# Reversed version of a generalized Aczél’s inequality and its application

## Abstract

In this paper, we give a reversed version of a generalized Aczél’s inequality which is due to Wu and Debnath. As an application, an integral type of the reversed version of the Aczél-Vasić-Pečarić inequality is obtained.

MSC:26D15, 26D10.

## 1 Introduction

In 1956, Aczél  established the following inequality which is of wide application.

Theorem A If ${a}_{i}$, ${b}_{i}$ ($i=1,2,\dots ,n$) are positive numbers such that ${a}_{1}^{2}-{\sum }_{i=2}^{n}{a}_{i}^{2}>0$ or ${b}_{1}^{2}-{\sum }_{i=2}^{n}{b}_{i}^{2}>0$, then

$\left({a}_{1}^{2}-\sum _{i=2}^{n}{a}_{i}^{2}\right)\left({b}_{1}^{2}-\sum _{i=2}^{n}{b}_{i}^{2}\right)\le {\left({a}_{1}{b}_{1}-\sum _{i=2}^{n}{a}_{i}{b}_{i}\right)}^{2}.$
(1)

It is well known that Aczél’s inequality (1) plays an important role in the theory of functional equations in non-Euclidean geometry.

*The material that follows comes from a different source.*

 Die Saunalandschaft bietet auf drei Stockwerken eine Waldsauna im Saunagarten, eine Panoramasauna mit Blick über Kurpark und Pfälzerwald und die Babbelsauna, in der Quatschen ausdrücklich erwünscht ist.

Various refinements, generalizations and applications of inequality (1) have appeared in literature (see, e.g., ,  and the references therein).

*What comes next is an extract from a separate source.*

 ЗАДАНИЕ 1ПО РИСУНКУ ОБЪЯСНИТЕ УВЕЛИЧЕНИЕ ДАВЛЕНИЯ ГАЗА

One of the most important results in the works mentioned above is the exponential generalization of (1) asserted by Theorem B.

Theorem B Let p and q be real numbers such that $p,q\ne 0$ and $\frac{1}{p}+\frac{1}{q}=1$, and let ${a}_{i}$, ${b}_{i}$ ($i=1,2,\dots ,n$) be positive numbers such that ${a}_{1}^{p}-{\sum }_{i=2}^{n}{a}_{i}^{p}>0$ and ${b}_{1}^{q}-{\sum }_{i=2}^{n}{b}_{i}^{q}>0$. Then, for $p>1$, we have

${\left({a}_{1}^{p}-\sum _{i=2}^{n}{a}_{i}^{p}\right)}^{\frac{1}{p}}{\left({b}_{1}^{q}-\sum _{i=2}^{n}{b}_{i}^{q}\right)}^{\frac{1}{q}}\le {a}_{1}{b}_{1}-\sum _{i=2}^{n}{a}_{i}{b}_{i}.$
(2)

If $p<1$ ($p\ne 0$), we have the reverse inequality.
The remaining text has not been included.